[INSTRUCTIONS TO FOLLOW]: Everything before the line containing "Scenic highway stretches" is to be left out; repeat that line and all lines after it exactly, to the end of the data.

[DATA]:
──────────────────────────────
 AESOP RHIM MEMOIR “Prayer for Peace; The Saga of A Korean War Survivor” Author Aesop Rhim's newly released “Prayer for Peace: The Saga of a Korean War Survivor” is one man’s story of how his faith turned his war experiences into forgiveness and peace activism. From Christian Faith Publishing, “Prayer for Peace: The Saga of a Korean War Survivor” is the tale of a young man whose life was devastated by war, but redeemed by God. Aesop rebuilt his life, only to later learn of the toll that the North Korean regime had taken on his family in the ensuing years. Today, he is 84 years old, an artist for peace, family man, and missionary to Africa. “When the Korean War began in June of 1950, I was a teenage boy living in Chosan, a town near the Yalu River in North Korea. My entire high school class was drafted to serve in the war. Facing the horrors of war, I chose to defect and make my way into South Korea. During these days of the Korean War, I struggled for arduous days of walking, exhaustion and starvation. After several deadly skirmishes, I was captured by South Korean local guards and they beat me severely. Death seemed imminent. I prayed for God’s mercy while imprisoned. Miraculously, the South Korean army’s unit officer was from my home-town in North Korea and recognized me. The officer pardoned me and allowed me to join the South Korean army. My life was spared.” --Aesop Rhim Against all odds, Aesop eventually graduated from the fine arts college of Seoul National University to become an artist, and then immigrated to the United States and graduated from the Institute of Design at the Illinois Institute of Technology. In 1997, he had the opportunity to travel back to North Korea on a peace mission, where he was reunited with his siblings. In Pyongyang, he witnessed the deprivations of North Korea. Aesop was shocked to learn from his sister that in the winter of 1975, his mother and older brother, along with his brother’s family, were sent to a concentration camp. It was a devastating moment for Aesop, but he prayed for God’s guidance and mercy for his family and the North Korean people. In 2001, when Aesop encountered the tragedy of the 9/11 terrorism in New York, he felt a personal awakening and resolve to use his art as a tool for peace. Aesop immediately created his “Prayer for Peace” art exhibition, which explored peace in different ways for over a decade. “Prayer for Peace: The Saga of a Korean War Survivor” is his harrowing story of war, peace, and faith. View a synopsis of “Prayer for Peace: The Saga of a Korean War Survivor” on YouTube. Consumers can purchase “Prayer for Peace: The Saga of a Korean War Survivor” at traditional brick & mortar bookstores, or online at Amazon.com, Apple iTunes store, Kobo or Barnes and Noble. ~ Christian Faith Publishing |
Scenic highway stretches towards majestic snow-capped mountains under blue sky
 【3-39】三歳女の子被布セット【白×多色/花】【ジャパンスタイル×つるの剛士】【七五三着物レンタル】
──────────────────────────────
[RESULT OF THE TASK]:
Scenic highway stretches towards majestic snow-capped mountains under blue sky
 【3-39】三歳女の子被布セット【白×多色/花】【ジャパンスタイル×つるの剛士】【七五三着物レンタル】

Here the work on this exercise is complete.